The memory 104 may be used to store computer programs, for example, software programs and modules of application software, such as a computer program corresponding to the speech recognition method in the embodiment of the present invention, and the processor 102 executes various functional applications and data processing by running the computer programs stored in the memory 104, so as to implement the method described above. The memory 104 may include high speed random access memory, and may also include non-volatile memory, such as one or more magnetic storage devices, flash memory, or other non-volatile solid-state memory. In some instances, the memory 104 may further include memory located remotely from the processor 102, which may be connected to the mobile terminal 10 via a network. Examples of such networks include, but are not limited to, the internet, intranets, local area networks, mobile communication networks, and combinations thereof.
The transmission device 106 is used for receiving or transmitting data via a network. Specific examples of the network described above may include a wireless network provided by a communication provider of the mobile terminal 10. In one example, the transmission device 106 includes a Network adapter (NIC), which can be connected to other Network devices through a base station so as to communicate with the internet. In one example, the transmission device 106 may be a Radio Frequency (RF) module, which is used for communicating with the internet in a wireless manner.
In this embodiment, a speech recognition method operating in a terminal or a server is provided, and fig. 1 is a flowchart of a speech recognition method according to an embodiment of the present invention, as shown in fig. 1, the flowchart includes the following steps:
step S202, acquiring target audio data;
step S204, using a first model to identify the target audio data, and determining the identified voice corresponding to the target audio data, wherein the first model is trained by machine learning using multiple sets of training data, and each set of data in the multiple sets of training data includes: audio data and a voice corresponding to the audio data, a first set of data is included in the plurality of sets of training data, and noise data is mixed in first audio data included in the first set of data.
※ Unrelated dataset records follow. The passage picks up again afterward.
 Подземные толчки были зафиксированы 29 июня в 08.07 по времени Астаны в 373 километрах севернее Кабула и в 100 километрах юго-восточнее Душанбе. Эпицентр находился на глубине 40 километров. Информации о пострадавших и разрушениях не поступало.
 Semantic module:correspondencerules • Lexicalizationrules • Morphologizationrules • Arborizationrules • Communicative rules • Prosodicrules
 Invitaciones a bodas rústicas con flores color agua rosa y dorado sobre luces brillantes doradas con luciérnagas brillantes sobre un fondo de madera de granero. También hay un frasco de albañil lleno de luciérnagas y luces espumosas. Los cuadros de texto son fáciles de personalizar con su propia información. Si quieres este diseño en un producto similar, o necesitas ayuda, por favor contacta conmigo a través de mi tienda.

Optionally, in this embodiment, the target audio data may include, but is not limited to, pre-collected audio data, for example, voice data collected by a sound collection device, the collected audio data is labeled, the first model is obtained through machine learning training as training data, the labeled audio data in a quiet environment may also include, but is not limited to, the labeled audio data may be obtained through purchasing or obtaining free, and the labeled audio data is obtained through machine learning training as training data in the first model. The different audio data may be used as the same or different sets of training data to obtain the first model through machine learning training.
Alternatively, in the present embodiment, the first audio data is mixed with noise data, and the noise data may include, but is not limited to, artificially synthesized noise data or noise data collected by a sound collection device from a real environment, such as a restaurant, a transportation station, a school, and a hospital, which has a large traffic and a large amount of noise data.
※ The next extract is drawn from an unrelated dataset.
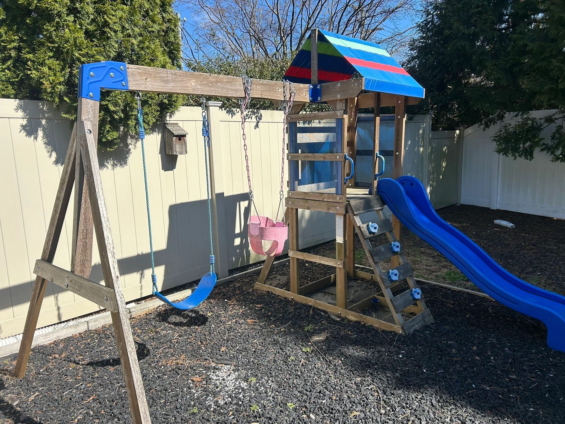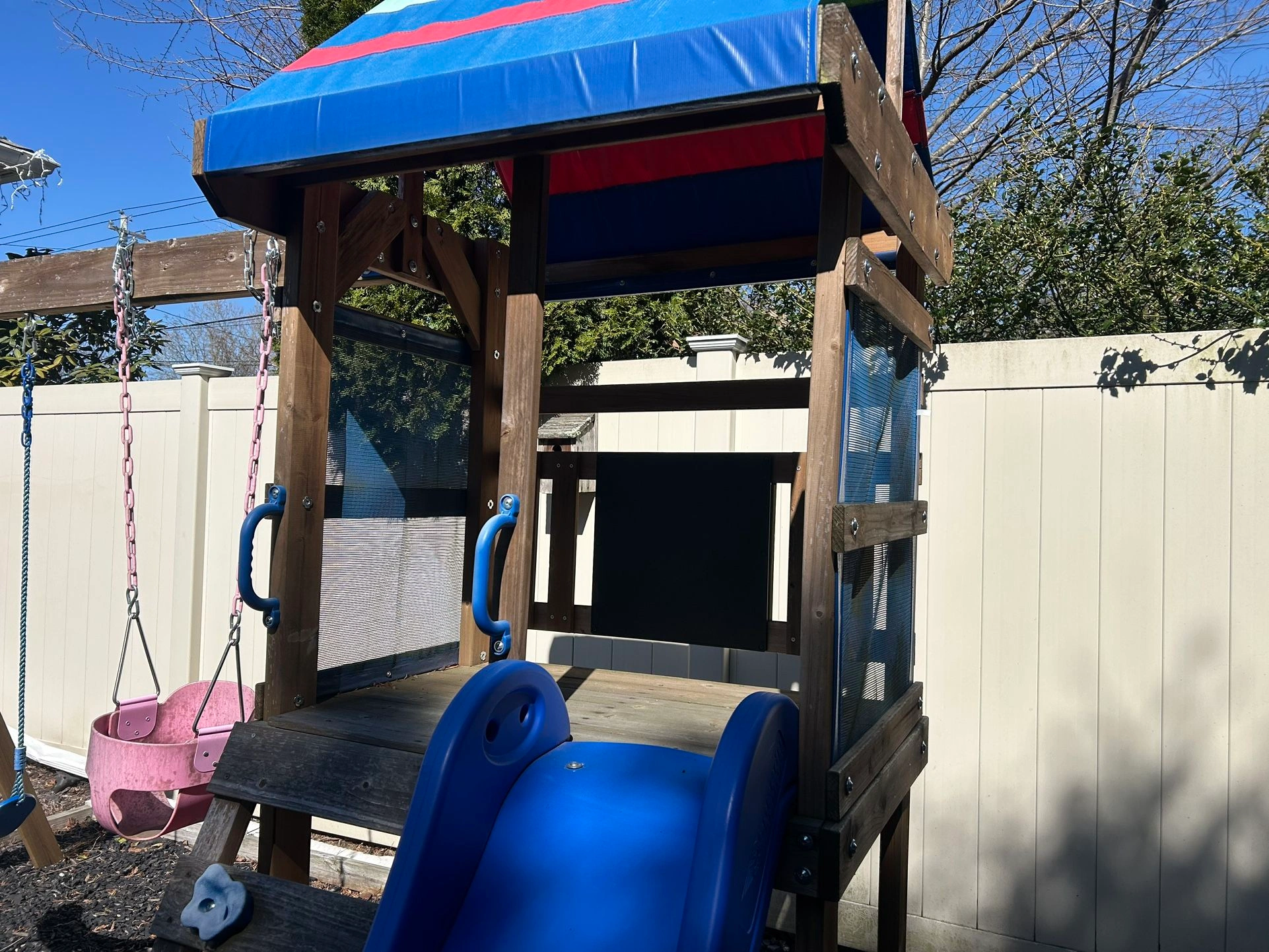 Turns backyard into adventure. The breezy upper play deck protected by a canopy roof. 2 classic belt swings with rope. 6 foot wave slide, 4 climbing holds. Brand: Backyard.

Through the steps, the acquired target audio data mixed with the noise data is utilized, the first model is used for identifying the target audio data mixed with the noise data, the data of the real environment is simulated through the mixed noise and is added into the audio data for training, and the identified voice corresponding to the target audio data is determined, so that the problem that the voice identification is difficult to effectively perform in the real environment in the related technology can be solved, the technical effects that the voice model is more suitable for the real environment, and the voice identification accuracy in the real environment is improved are achieved.
In an optional embodiment, before the target audio data is recognized using the first model and the recognized speech corresponding to the target audio data is determined, the method further comprises: acquiring the noise data and original audio data emitted by a target object; mixing the noise data and the original audio data to obtain the first audio data; and training a second model by utilizing a first group of data comprising the first audio data and other groups of data comprising the plurality of groups of data to obtain the first model.
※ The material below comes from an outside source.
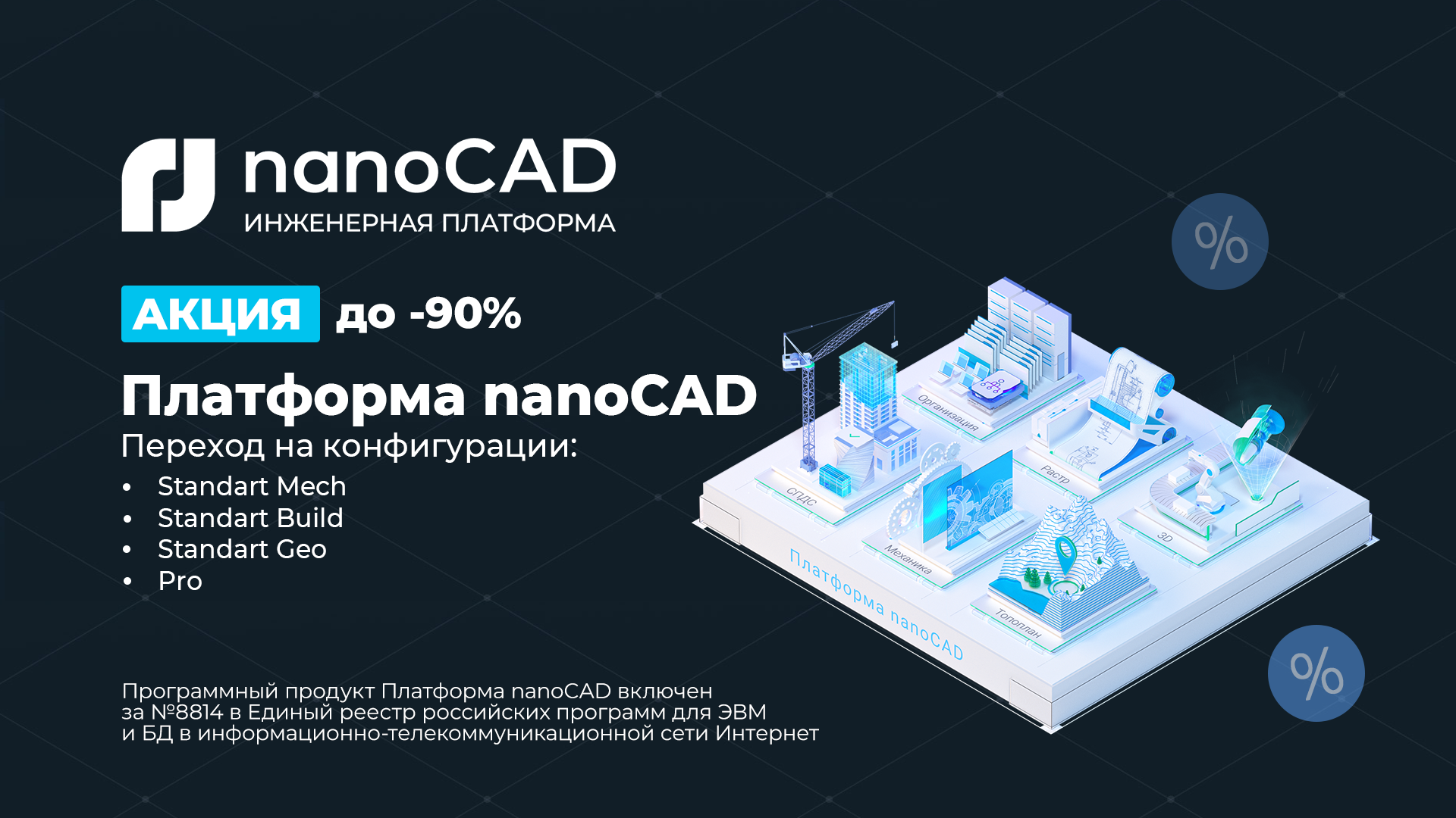 Скидка до 90% на перевод постоянных лицензий Платформы nanoCAD с модулями в конфигурацию Pro

Alternatively, in the present embodiment, the target object may include, but is not limited to, a target object capable of making voice information, such as attendants and customers in a restaurant, doctors and patients in a hospital, teachers and students in a school, and the like. The target object may also include, but is not limited to, a voice playing device, such as a speaker, a sound device, an earphone, etc., which are just examples, and the present invention is not limited to the target object and the environment where the target object is located.
Optionally, in this embodiment, the mixing of the noise data and the original audio data may be performed in a preset manner, for example, the mixing of the audio data is performed in a manner of different signal-to-noise ratios, reverberation, audio speeds, and the like, so as to obtain the first audio data for training.
In an alternative embodiment, wherein obtaining the noise data comprises: the noise data is acquired for a predetermined period of time using one or more sound recording apparatuses installed at predetermined locations.
Optionally, in this embodiment, the recording device may include, but is not limited to, a hi-fi recording pen, a recording phone, a recording card, a recording box, a recorder, a recording system, and the like.
In an alternative embodiment, the predetermined location comprises at least one of: a table of the restaurant, a wall of the restaurant, and a position a predetermined distance from a monitoring camera of the restaurant; and/or, the predetermined time period comprises at least one of: the flat time period of the sitting rate of the restaurant and the peak time period of the sitting rate of the restaurant.
Optionally, in this embodiment, the length of the predetermined time period may be set according to actual conditions, for example, if the peak time of the restaurant is 1 hour, the predetermined time period is set to 1 hour, and if the peak time of the restaurant is 2 hours, the predetermined time period is set to 2 hours, which is just an example, and the length of the specific predetermined time period may be adjusted according to actual needs, which is not limited in this disclosure.
In an alternative embodiment, mixing the noise data and the original audio data to obtain the first audio data comprises: mixing the noise data into the original audio data according to a predetermined mixing parameter to obtain the first audio data, wherein the predetermined mixing parameter comprises at least one of: a predetermined signal-to-noise ratio, a predetermined reverberation, a predetermined audio speed.
Optionally, in this embodiment, the predetermined signal-to-noise ratio, the predetermined reverberation, and the predetermined audio speed may be set according to actual needs, and the specific values of the predetermined mixing parameter are not limited in any way in the present invention.
In an alternative embodiment, training the second model to obtain the first model using the first set of data including the first audio data and the other sets of data included in the plurality of sets of data includes: dividing the multiple groups of data into a training set, a test set and a verification set according to a preset proportion; and training the second model by utilizing each divided data set to obtain the first model.
Alternatively, in this embodiment, the predetermined ratio may include, but is not limited to, a ratio of 7:2:1, in other words, the predetermined ratio may be divided into a training set, a testing set, and a verification set according to a ratio of 7:2:1, and the training of the second model to obtain the first model by using the respective divided data sets may be performed by training using HMM (hidden markov model) + GMM (gaussian mixture model) or HMM (hidden markov model) -DNN (deep neural network), so as to complete speech recognition under the mixed noise data.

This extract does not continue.